The Board's order can be understood in one of two ways. Because the Board recites that claimant described her thumb condition to Van Allen and that he recognized it as a separate condition before February 1998, the Board may have found that claimant in fact sought treatment for her trigger thumb condition before February 1998 but nonetheless made a policy judgment that, in light of Van Allen's response, that event lacked "a sufficient objective relationship to the date of disability to make it an appropriate triggering *1061 date."[5] If that is what the Board did, it misperceived our holding in Tapp. As explained above, Tapp requires a finding of fact as to when the claimant first sought or received treatment, nothing more.
Alternatively, the Board may have been saying that claimant did not in fact seek treatment for her trigger thumb condition until February 1998. If that was its intent, we cannot say that its factual finding would not be supported by substantial evidence.[6] We cannot tell, however, from the Board's reasoning which course it took. We accordingly reverse the Board's order and remand to permit it to clarify the basis for its decision. See Labor Force v. Frierson, 169 Or. App. 573, 578, 9 P.3d 128 (2000); SAIF v. Brown, 159 Or.App. 440, 445-46, 978 P.2d 407 (1999).
Reversed and remanded for reconsideration.
NOTES
[1] Both Sunrise Electric, Inc., and Farmers have petitioned for review of the Board's order. We refer to them collectively as Farmers.
[2] In a separate proceeding, an administrative law judge found claimant's carpal tunnel condition compensable and found SAIF, on behalf of Oregon Electric Construction, responsible.
[3] The Board also agreed with the ALJ that the condition was compensable. No one has challenged that ruling on review.
[4] The doctor stated that he recommended surgery but that such surgery was elective. The claimant did not pursue any further treatment.
[5] An earlier portion of the Board's opinion supports that interpretation of its reasoning. The Board had explained:
"Because the purpose in designating a triggering date is to identify a point when a condition generally becomes a disability, the Tapp court has determined that the event (seeking or receiving medical treatment) used to establish the triggering date must have a sufficient objective relationship to the date of disability to make it an appropriate triggering date for assignment of initial responsibility under the LIER."

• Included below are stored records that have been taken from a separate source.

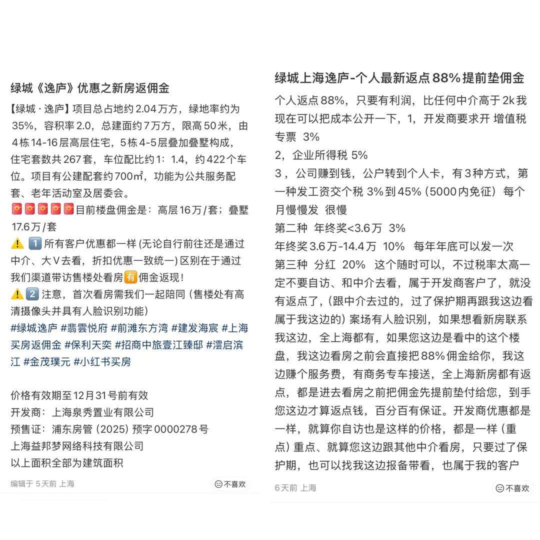 记者注意到,在互联网平台,已经有不少中介发帖,称绿城逸庐已经在10月启动分销,返佣后可优惠6万元至10万元,另有人留言称“现在开了渠道,佣金十几万”。还有中介给出了更为具体的返佣方案,表示高层佣金为16万元/套,叠墅产品17.6万元/套。
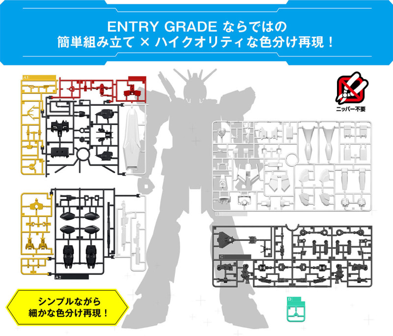 「ENTRY GRADE 1/144 ν鋼彈(7-11限定配色)」基於過去推出的一般版套件製作,為零件約 100 個出頭的入門級組裝模型,零件湯口經過特殊設計,無需使用斜口鉗只要用雙手就能輕鬆將零件拆下,是對孩童與入門者都相當友善的設計。
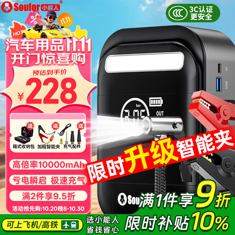 小能人(soulor)【3C认证】汽车应急启动电源充气泵一体机应急搭电宝汽车电瓶充电器轮胎打气泵应急汽车启动
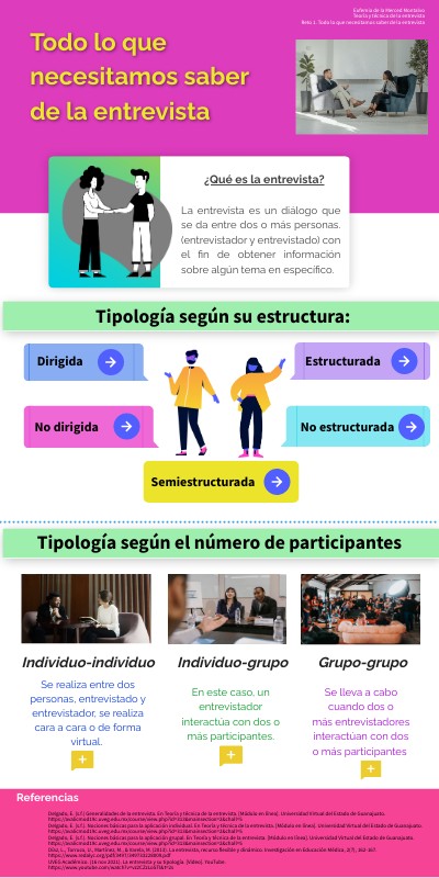 https://www.redalyc.org/pdf/3497/349733228009.pdf UVEG Académico. (16 nov 2021). La entrevista y su tipología. [Video]. YouTube. https://www.youtube.com/watch?v=vz2CZzLoSTI&t=2s
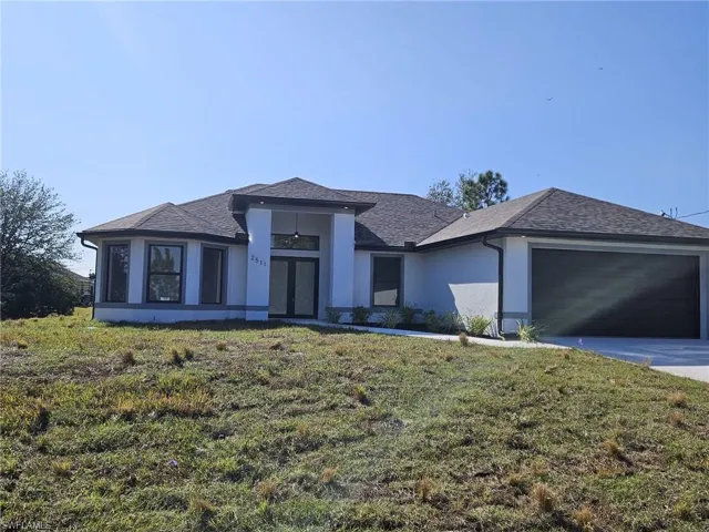 Welcome to this brand-new contemporary Florida home! Situated on a spacious lot in Lehigh Acres, this property offers the perfect combination of modern design and everyday comfort.

In stating the test that way, the Board appears to be saying that, even though there is an event (seeking or receiving treatment) that would ordinarily trigger responsibility under the LIER, the event must also have "a sufficient objective relationship to the date of disability" to do so.
[6] We have considered and reject without discussion Farmers' argument that the record is insufficient to support a finding that claimant first sought treatment for her trigger finger condition while it was on the risk.